Instalasi Linux Dualboot

Hai Readers!

Udah pada tau kan kalo laptop kalian bisa menjalani dua sistem operasi sekaligus? Yap. Itu lah yg dinamakan dual boot. Hmmm.. buat apa sih sebenernya? Pasti Readers berpikir "Ngapain sih kan Windows aja cukup" atau "Linux aja cukup". Yaa jawabannya sih tergantung dari kebutuhan masing-masing. Kalau saya sih karena saya kuliah di Institut Teknologi Sepuluh Nopember jurusan Teknik Informatika yg menganjurkan untuk menginstall Linux dan Windows pada laptop masing-masing. Nah, hari ini saya akan memberikan tutorial untuk menginstall Linux pada Windows 7.

Hal-hal yg mesti Readers siapkan:
  1. Installer Linux (boleh di CD boleh di flashdisk)
  2. Partisi hardisk

Udah siap?

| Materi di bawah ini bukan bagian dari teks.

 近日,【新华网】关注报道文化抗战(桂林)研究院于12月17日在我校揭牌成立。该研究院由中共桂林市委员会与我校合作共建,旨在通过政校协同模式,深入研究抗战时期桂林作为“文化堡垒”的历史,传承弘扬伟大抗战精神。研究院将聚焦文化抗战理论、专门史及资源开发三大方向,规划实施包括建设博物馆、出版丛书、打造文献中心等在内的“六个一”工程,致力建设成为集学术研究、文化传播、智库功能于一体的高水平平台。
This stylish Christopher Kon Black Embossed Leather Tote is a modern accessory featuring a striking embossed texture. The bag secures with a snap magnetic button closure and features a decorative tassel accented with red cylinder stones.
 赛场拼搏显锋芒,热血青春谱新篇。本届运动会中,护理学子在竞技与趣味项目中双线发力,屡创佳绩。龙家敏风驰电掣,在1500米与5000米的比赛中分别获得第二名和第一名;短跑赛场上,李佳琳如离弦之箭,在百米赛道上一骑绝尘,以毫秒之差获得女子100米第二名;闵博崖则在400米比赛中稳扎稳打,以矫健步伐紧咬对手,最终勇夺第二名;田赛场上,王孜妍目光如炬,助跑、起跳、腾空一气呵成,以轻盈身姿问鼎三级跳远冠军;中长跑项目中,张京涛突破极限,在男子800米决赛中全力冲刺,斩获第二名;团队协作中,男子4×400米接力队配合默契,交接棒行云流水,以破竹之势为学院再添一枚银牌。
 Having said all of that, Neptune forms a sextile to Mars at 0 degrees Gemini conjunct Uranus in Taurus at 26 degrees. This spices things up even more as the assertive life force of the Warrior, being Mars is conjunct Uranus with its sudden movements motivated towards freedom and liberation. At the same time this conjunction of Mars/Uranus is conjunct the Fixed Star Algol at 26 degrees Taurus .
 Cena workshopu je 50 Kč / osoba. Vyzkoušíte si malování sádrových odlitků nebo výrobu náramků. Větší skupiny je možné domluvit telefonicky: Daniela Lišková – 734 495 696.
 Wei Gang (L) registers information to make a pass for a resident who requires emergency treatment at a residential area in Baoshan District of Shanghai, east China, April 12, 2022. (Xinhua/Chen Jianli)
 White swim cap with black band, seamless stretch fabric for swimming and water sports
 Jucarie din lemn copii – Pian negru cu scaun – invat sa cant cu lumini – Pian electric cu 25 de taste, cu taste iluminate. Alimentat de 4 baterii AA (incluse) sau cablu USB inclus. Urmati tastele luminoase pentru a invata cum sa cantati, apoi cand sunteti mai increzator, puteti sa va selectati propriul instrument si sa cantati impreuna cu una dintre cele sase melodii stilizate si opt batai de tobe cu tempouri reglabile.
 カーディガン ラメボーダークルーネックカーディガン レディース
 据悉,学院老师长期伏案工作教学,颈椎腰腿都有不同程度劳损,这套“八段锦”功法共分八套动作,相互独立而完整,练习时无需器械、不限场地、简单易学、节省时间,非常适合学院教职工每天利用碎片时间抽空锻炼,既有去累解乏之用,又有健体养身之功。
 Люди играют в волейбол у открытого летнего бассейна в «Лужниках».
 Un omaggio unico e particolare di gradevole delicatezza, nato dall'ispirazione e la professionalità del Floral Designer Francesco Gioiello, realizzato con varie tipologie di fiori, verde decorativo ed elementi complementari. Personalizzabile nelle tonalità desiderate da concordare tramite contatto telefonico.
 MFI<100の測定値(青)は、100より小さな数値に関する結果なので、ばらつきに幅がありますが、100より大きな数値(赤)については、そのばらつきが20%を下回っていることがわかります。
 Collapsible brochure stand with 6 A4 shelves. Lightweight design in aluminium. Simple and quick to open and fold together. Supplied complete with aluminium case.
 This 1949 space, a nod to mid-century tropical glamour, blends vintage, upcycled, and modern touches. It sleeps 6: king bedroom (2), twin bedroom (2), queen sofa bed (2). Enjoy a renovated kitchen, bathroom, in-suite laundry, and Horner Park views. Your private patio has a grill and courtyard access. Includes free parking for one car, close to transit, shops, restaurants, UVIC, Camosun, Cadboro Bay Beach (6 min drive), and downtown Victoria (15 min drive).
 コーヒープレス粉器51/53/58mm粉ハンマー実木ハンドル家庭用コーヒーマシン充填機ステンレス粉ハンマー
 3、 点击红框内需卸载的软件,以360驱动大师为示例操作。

Lanjutttt!
  1. Klik Start, pilih Computer klik kanan dan pilih Manage. Kemudian pililh Disk management.
  2. Buat partisi di data D, klik kanan pilih shrink volume dan masukan 35000 pada Enter the amount of space to shrink in MB. lalu klik shrink.
  3. Tutup Windows, restart laptop Readers sembari dipasang installer Linuxnya (di sini saya menggunakan flashdisk).
  4. Atur Boot priority dengan menekan ESC atau F2 (tergantung jenis laptopnya) pilih boot pertama, biasanya akan muncul nama flashdisk Readers. Setelah di reboot pilih boot device (pilih flashdisk Readers) tekan enter.
  5. Muncul Unet boot in. Pilih try ubuntu without installing. Laptop akan booting dan menampilkan tampilan desktop Linux beserta Libre Office dan lain lain.
  6. Kalau sudah puas melihat-lihat tampilan Linux, lanjut aja kita mengklik install ubuntu untuk mulai mengintall Linux di laptop Readers.
  7. Ketika reader mengklik install ubuntu, akan muncul tampilan instalasi Linux. Pilih English klik continue muncul tampilan Preparing to install ubuntu klik cotinue kemudian muncul tampilan wireless klik continue aja trus muncul tampilan Installation type pilih Something else klik continue. Kemudian muncul tampilan hardisk laptop Readers. Untuk menginstall Linux minimal Readers mempunyai dua partisi. Satu untuk root dan satu untuk swap. Klik add, masukan swap area sebesar 1500, klik ok. Lalu klik add lagi, masukan root sebesar 35201 (sisa dari swap area), kosongkan mount point blank root, klik ok. Kemudian muncul tampilan hardisk lagi lalu klik install now. Instalasi berjalan. Pilih Jakarta, pilih keyboard layout: english, isi username dan password, klik continue. Lalu readers akan dihadapkan dengan pilihan untuk mengganti gambar desktop, silakan pilih gambar yg readers inginkan. Tunggu instalasi sampai selesai.
  8. Restart laptop Readers untuk memilih sistem operasi mana yg akan Readers gunakan. Jika ingin menggunakan Linux pilih ubuntu with Linux, jika ingin menggunakan Windows 7 tinggal pilih saja Windows 7.

Mudah kan? Selamat mencoba!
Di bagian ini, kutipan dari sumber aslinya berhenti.